Directions for this task: Exclude all pictures. Then restate, word for word, the entries from the first line through the line that contains "Bodentiefe Fenster sorgen".

Source records:

*** Begin section ***

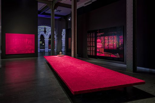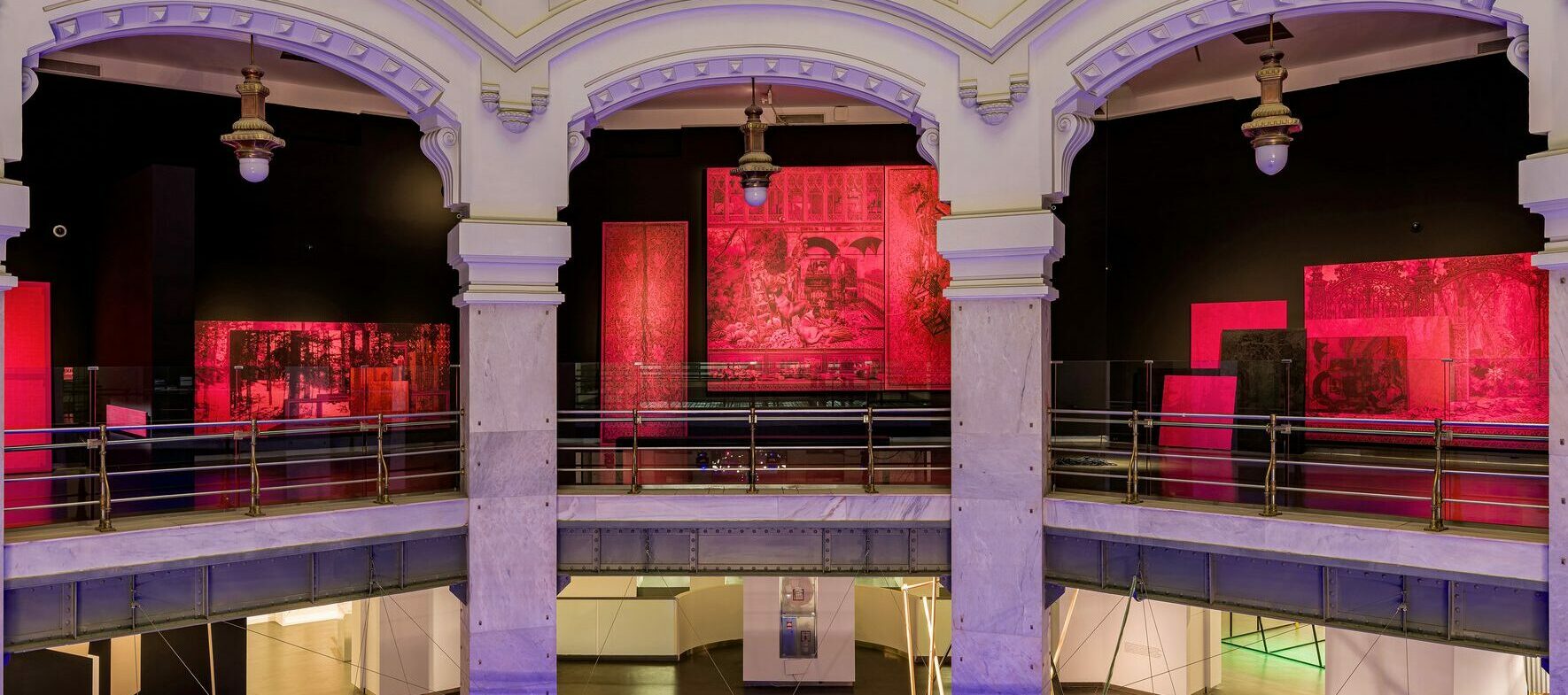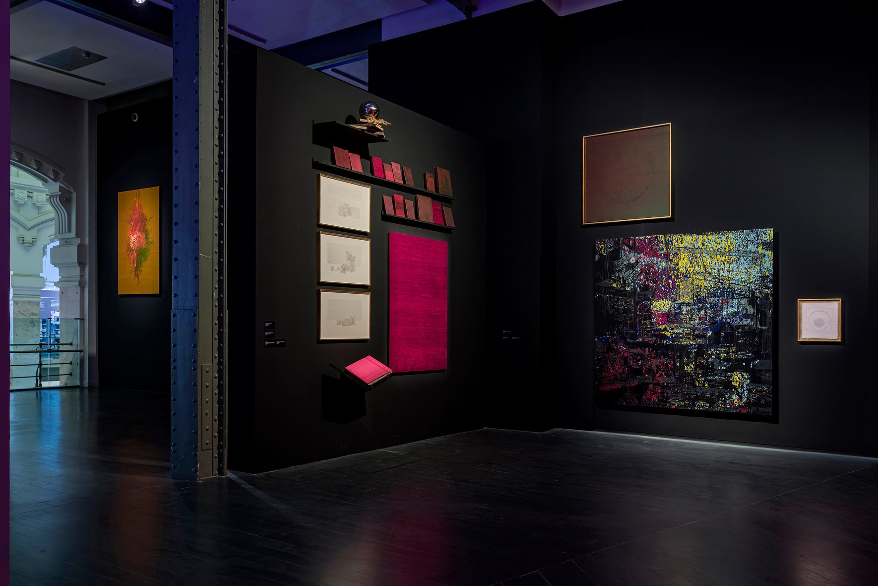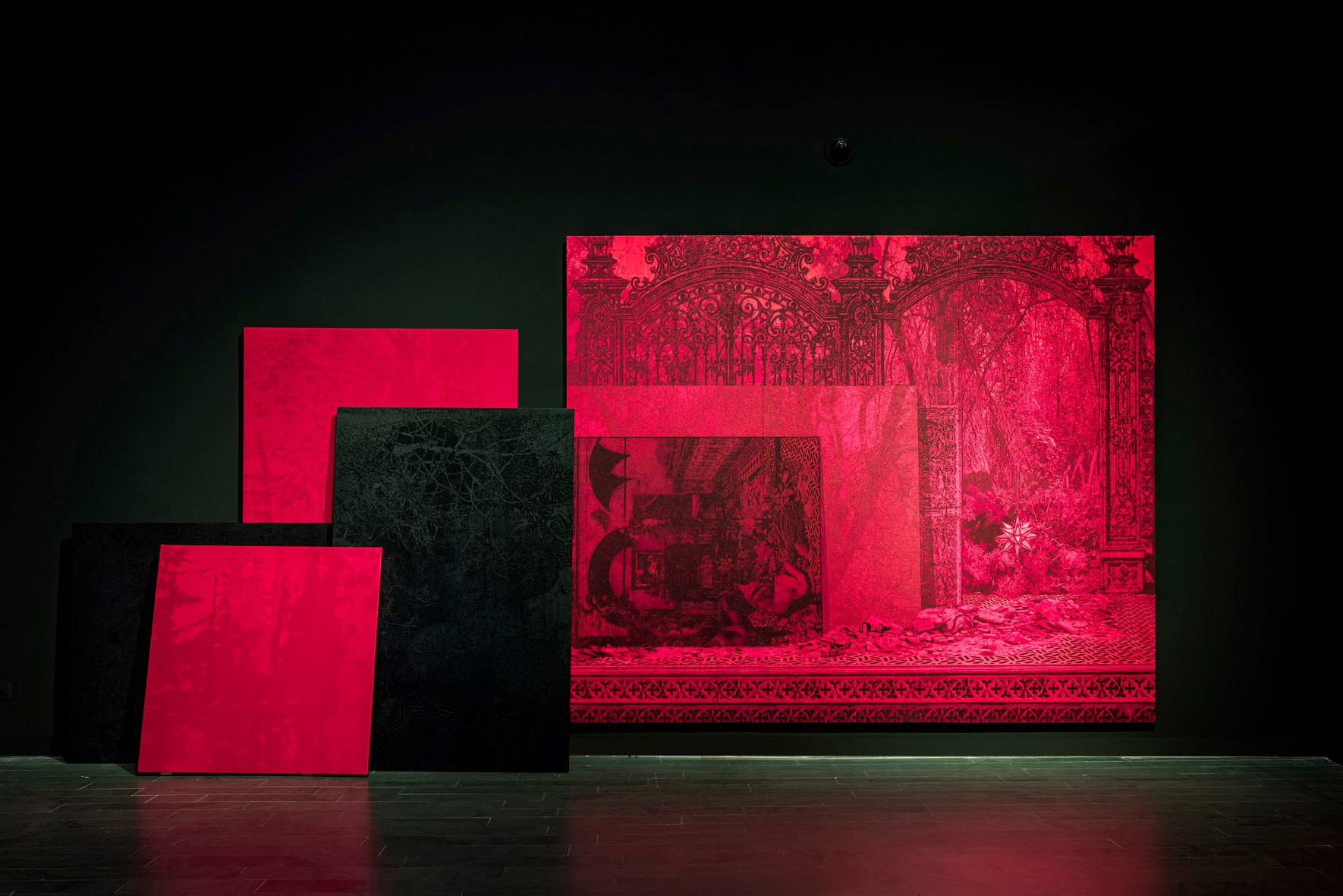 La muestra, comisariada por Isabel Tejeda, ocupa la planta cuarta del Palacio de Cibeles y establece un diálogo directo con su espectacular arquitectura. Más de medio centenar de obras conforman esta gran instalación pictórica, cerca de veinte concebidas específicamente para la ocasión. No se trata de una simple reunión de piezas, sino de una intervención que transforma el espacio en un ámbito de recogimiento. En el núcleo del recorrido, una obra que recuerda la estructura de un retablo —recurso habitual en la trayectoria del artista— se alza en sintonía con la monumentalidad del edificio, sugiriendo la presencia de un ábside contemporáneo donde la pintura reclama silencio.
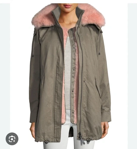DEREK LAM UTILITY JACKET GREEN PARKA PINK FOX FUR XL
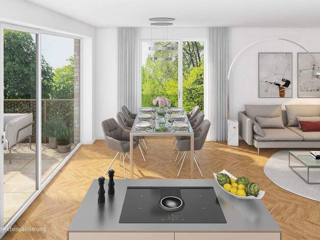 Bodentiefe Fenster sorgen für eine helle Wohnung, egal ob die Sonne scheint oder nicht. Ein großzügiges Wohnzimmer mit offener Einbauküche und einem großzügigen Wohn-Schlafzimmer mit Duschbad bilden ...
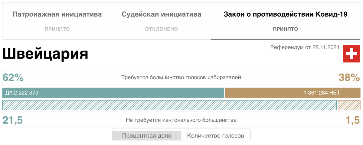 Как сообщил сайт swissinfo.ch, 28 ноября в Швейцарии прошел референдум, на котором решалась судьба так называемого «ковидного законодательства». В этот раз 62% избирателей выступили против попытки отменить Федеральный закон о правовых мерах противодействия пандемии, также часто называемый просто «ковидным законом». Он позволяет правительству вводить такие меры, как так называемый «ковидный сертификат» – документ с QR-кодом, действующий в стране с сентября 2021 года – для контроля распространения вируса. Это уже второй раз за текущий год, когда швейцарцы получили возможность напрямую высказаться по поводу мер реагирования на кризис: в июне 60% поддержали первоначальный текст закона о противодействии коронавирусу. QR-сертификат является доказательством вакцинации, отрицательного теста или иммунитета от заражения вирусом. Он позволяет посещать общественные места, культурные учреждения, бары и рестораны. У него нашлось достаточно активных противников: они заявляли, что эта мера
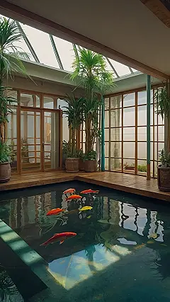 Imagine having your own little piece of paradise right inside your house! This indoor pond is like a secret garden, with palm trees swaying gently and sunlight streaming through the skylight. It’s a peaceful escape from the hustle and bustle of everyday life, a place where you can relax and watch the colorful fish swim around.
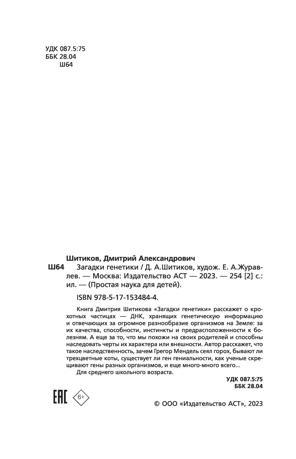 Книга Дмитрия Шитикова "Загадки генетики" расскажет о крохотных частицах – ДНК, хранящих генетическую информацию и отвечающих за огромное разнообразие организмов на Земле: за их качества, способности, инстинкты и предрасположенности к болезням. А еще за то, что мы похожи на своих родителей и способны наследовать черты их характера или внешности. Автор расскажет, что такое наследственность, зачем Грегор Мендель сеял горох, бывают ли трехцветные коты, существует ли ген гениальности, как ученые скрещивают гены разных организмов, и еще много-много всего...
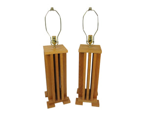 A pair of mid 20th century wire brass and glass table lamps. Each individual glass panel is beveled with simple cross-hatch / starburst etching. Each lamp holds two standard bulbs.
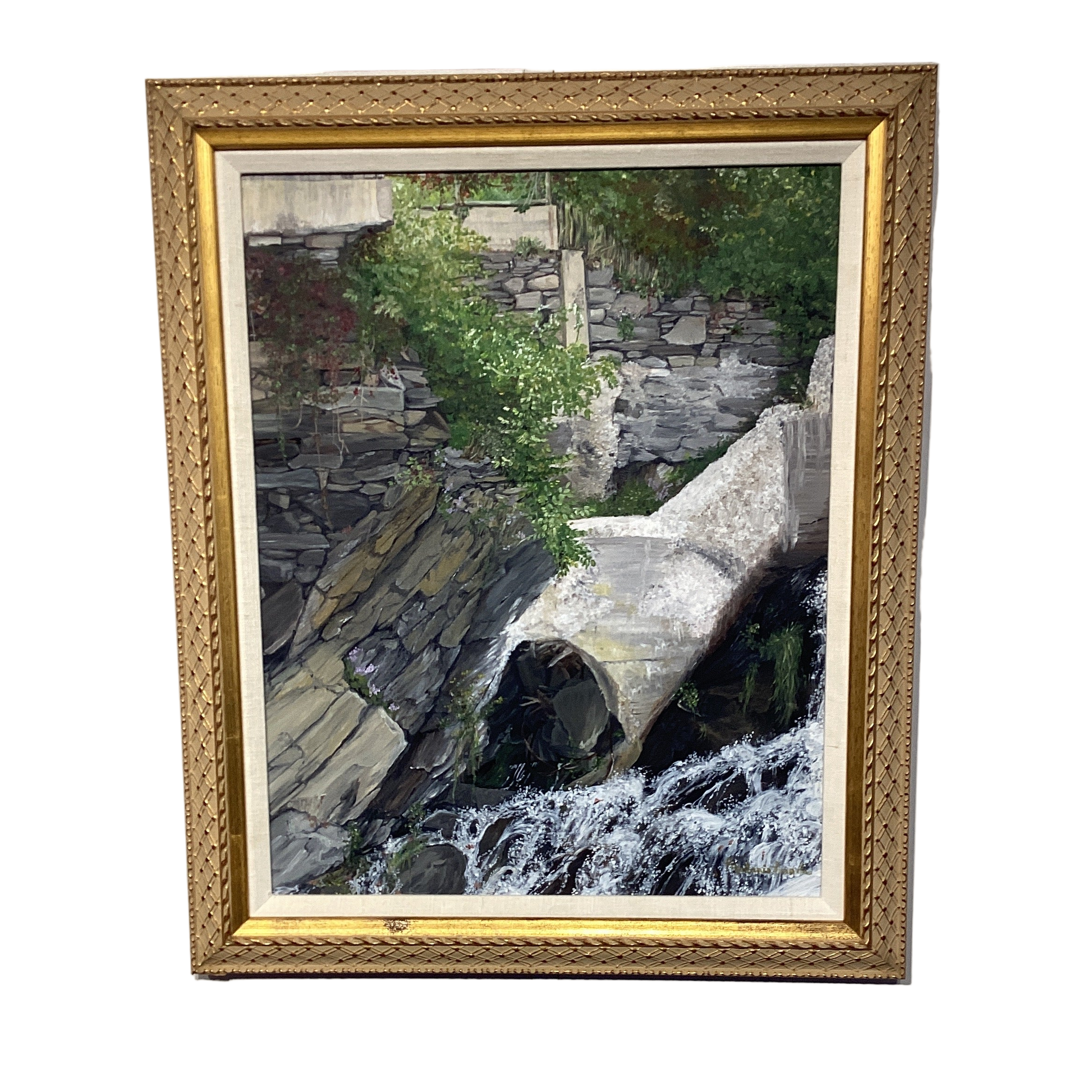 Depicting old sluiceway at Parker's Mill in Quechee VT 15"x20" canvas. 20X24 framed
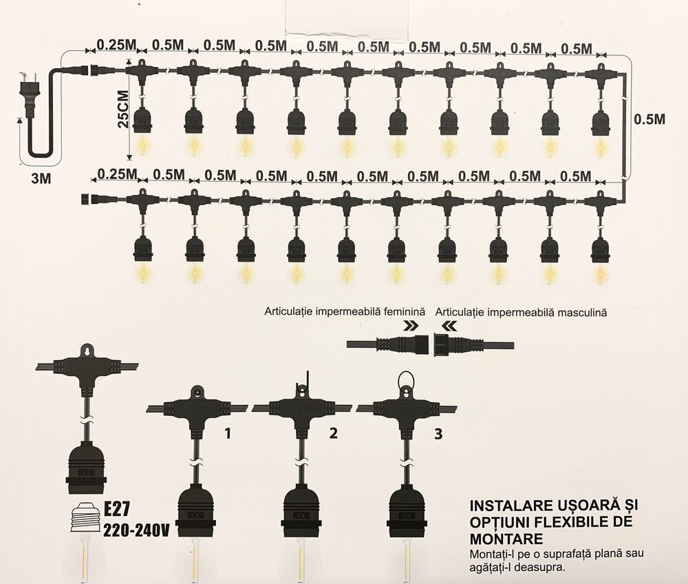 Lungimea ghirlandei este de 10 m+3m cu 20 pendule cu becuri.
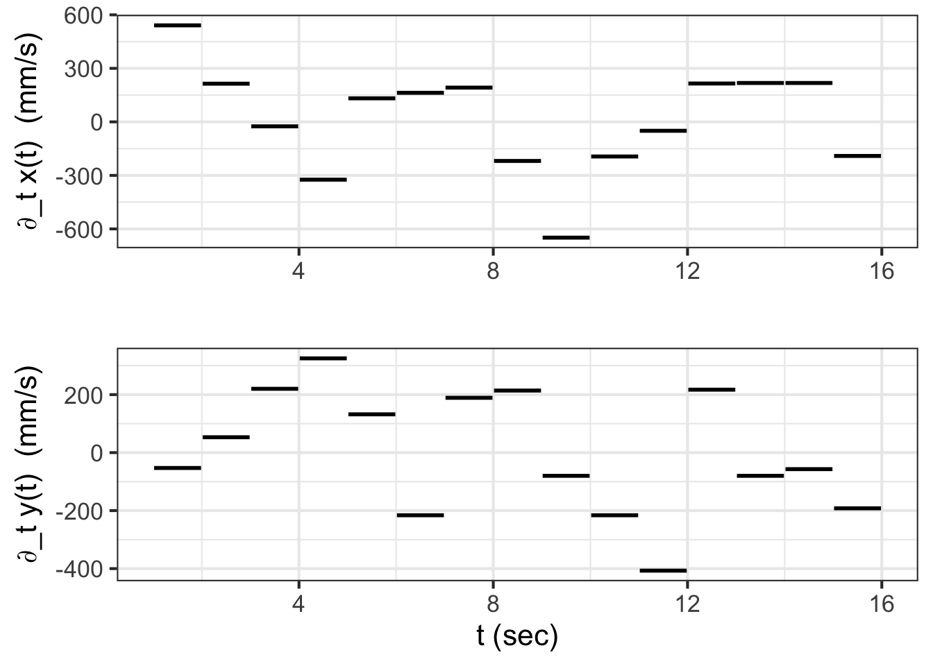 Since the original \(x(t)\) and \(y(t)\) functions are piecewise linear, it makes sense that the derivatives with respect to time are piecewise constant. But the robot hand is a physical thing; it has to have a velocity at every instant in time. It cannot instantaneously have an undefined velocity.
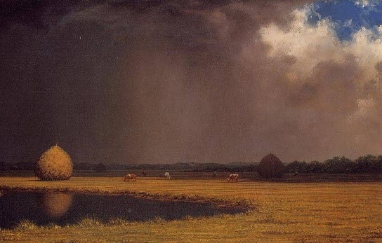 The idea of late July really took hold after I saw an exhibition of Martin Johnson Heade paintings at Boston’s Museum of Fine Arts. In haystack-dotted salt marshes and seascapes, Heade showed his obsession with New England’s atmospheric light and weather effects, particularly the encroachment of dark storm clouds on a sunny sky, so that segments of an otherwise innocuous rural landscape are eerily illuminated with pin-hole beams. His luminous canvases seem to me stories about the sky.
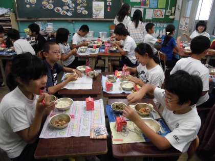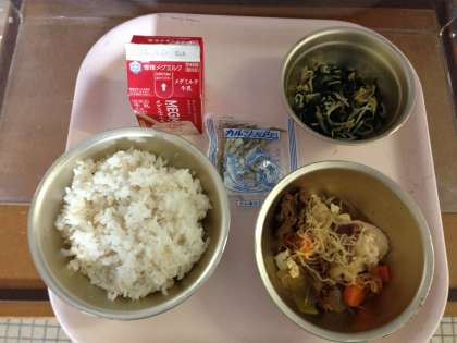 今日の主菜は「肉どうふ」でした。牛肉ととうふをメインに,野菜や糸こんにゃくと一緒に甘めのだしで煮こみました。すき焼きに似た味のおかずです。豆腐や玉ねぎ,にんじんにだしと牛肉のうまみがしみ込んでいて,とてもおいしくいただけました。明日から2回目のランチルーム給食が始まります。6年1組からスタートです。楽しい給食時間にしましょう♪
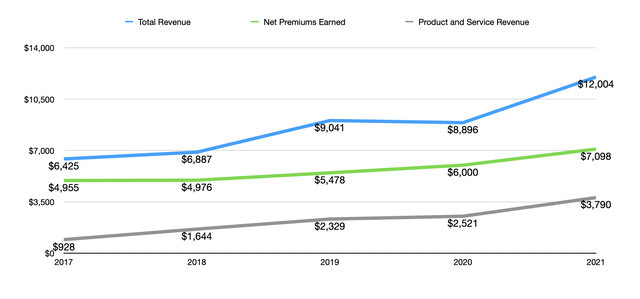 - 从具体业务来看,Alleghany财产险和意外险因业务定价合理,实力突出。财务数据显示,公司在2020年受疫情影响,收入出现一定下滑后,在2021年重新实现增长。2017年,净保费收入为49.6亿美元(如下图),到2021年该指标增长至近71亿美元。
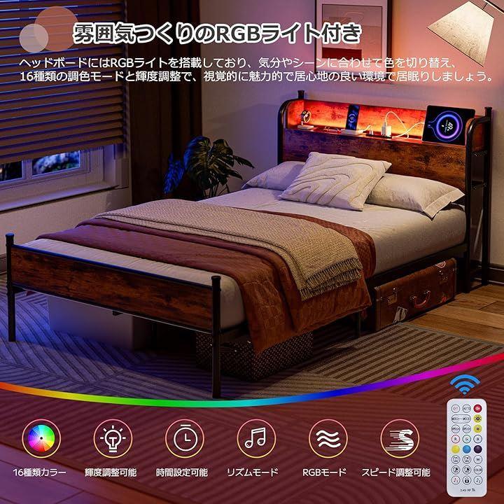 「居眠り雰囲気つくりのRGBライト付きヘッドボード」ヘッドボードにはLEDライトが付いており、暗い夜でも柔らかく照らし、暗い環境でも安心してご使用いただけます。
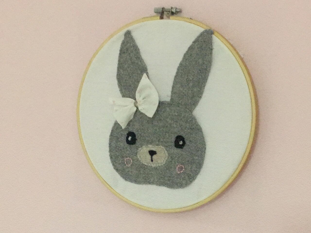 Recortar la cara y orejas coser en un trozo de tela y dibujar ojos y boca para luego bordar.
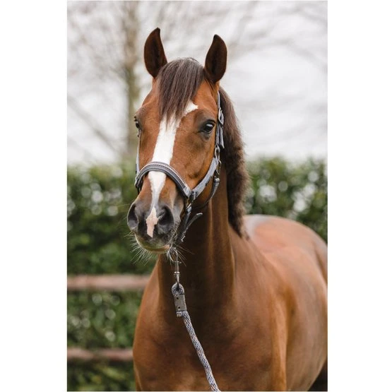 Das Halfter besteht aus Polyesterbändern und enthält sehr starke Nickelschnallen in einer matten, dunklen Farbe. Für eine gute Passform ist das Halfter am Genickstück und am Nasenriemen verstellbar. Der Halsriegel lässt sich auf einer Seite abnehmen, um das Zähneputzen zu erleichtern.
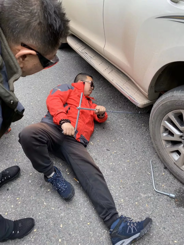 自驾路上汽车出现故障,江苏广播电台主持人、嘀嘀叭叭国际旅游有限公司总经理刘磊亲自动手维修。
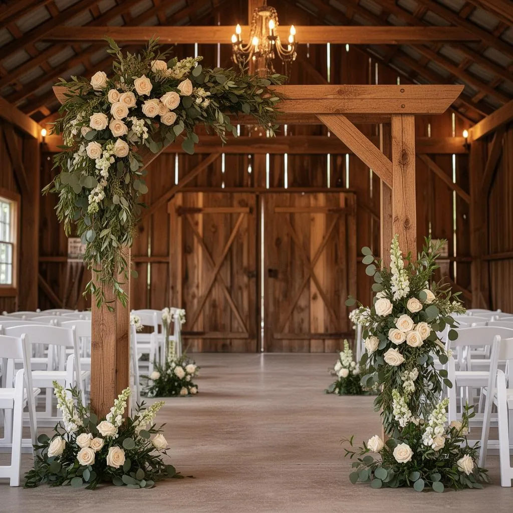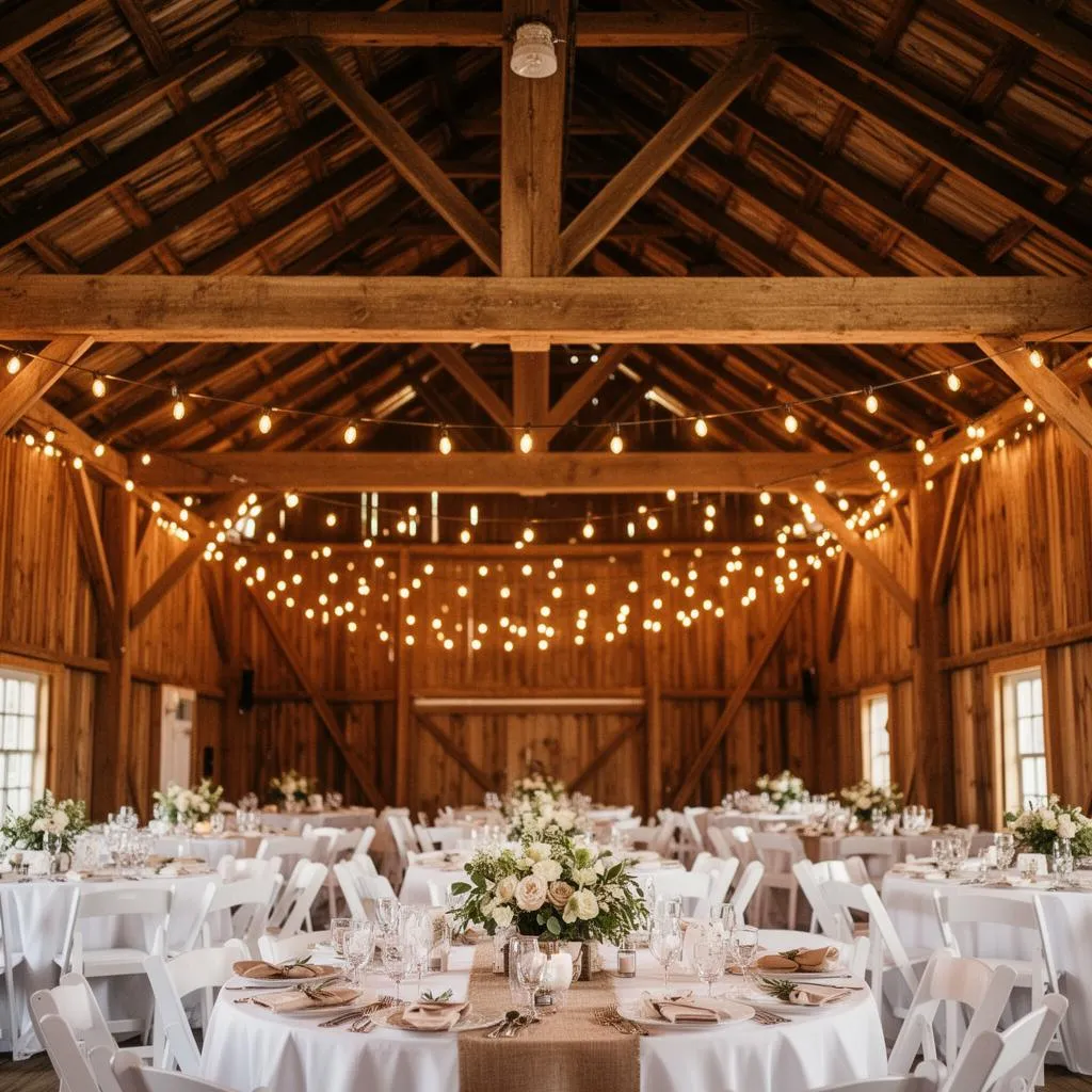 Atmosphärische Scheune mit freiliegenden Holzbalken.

*** End section ***

Exercise solution:
 La muestra, comisariada por Isabel Tejeda, ocupa la planta cuarta del Palacio de Cibeles y establece un diálogo directo con su espectacular arquitectura. Más de medio centenar de obras conforman esta gran instalación pictórica, cerca de veinte concebidas específicamente para la ocasión. No se trata de una simple reunión de piezas, sino de una intervención que transforma el espacio en un ámbito de recogimiento. En el núcleo del recorrido, una obra que recuerda la estructura de un retablo —recurso habitual en la trayectoria del artista— se alza en sintonía con la monumentalidad del edificio, sugiriendo la presencia de un ábside contemporáneo donde la pintura reclama silencio.
DEREK LAM UTILITY JACKET GREEN PARKA PINK FOX FUR XL
 Bodentiefe Fenster sorgen für eine helle Wohnung, egal ob die Sonne scheint oder nicht. Ein großzügiges Wohnzimmer mit offener Einbauküche und einem großzügigen Wohn-Schlafzimmer mit Duschbad bilden ...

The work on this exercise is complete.